Look through the records below for the line with "Para un rojo" and the line with "Vault プロパティにバインドされた静的定義、ラベル、およびコンテンツ コントロールがあります。ダイナミック", then return those lines and all lines between, exactly.

*** SUPPLIED MATERIAL

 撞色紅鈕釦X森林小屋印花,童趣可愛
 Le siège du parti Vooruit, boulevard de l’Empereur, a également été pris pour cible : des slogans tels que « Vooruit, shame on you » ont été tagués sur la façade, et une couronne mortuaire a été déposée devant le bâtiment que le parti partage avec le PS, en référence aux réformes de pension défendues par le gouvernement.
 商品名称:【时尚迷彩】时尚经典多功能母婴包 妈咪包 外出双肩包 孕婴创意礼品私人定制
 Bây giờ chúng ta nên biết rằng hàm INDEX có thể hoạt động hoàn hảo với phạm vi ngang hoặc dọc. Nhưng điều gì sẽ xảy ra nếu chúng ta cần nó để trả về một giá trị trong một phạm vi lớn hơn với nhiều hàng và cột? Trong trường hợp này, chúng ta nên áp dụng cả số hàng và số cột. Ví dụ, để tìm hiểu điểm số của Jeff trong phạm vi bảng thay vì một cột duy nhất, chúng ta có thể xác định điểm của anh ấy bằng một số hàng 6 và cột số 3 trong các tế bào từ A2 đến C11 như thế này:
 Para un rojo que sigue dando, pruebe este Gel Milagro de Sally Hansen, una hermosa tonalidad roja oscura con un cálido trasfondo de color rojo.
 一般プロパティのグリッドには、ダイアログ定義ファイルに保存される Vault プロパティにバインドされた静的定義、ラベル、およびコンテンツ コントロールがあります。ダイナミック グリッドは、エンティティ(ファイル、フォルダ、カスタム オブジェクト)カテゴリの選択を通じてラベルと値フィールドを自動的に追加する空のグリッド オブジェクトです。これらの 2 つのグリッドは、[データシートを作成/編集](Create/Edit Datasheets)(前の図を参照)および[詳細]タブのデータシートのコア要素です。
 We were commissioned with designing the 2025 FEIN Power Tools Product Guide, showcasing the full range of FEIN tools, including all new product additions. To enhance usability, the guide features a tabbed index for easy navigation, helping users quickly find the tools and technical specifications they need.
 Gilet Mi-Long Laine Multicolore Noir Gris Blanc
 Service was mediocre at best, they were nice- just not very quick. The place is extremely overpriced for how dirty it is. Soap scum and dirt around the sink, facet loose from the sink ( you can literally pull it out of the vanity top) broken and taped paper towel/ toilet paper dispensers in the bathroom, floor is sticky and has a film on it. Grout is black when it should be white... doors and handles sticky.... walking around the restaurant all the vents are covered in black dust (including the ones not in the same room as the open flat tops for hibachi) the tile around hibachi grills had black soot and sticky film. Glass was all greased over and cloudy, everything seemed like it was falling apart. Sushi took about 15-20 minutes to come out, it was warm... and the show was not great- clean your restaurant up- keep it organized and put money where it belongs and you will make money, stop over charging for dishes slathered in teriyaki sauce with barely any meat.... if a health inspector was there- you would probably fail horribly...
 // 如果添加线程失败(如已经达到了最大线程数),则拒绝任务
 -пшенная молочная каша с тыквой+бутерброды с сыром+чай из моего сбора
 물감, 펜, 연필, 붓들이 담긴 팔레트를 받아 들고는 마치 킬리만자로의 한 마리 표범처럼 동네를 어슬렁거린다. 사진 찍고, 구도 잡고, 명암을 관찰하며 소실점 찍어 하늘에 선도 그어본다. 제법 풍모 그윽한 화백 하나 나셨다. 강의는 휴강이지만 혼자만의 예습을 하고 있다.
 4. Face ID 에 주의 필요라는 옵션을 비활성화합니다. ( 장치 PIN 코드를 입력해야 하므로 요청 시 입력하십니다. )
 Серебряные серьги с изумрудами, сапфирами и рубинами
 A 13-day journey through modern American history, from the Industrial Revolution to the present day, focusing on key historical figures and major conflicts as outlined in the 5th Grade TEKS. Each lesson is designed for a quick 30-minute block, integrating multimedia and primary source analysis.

******

THE ANSWER =
 Para un rojo que sigue dando, pruebe este Gel Milagro de Sally Hansen, una hermosa tonalidad roja oscura con un cálido trasfondo de color rojo.
 一般プロパティのグリッドには、ダイアログ定義ファイルに保存される Vault プロパティにバインドされた静的定義、ラベル、およびコンテンツ コントロールがあります。ダイナミック グリッドは、エンティティ(ファイル、フォルダ、カスタム オブジェクト)カテゴリの選択を通じてラベルと値フィールドを自動的に追加する空のグリッド オブジェクトです。これらの 2 つのグリッドは、[データシートを作成/編集](Create/Edit Datasheets)(前の図を参照)および[詳細]タブのデータシートのコア要素です。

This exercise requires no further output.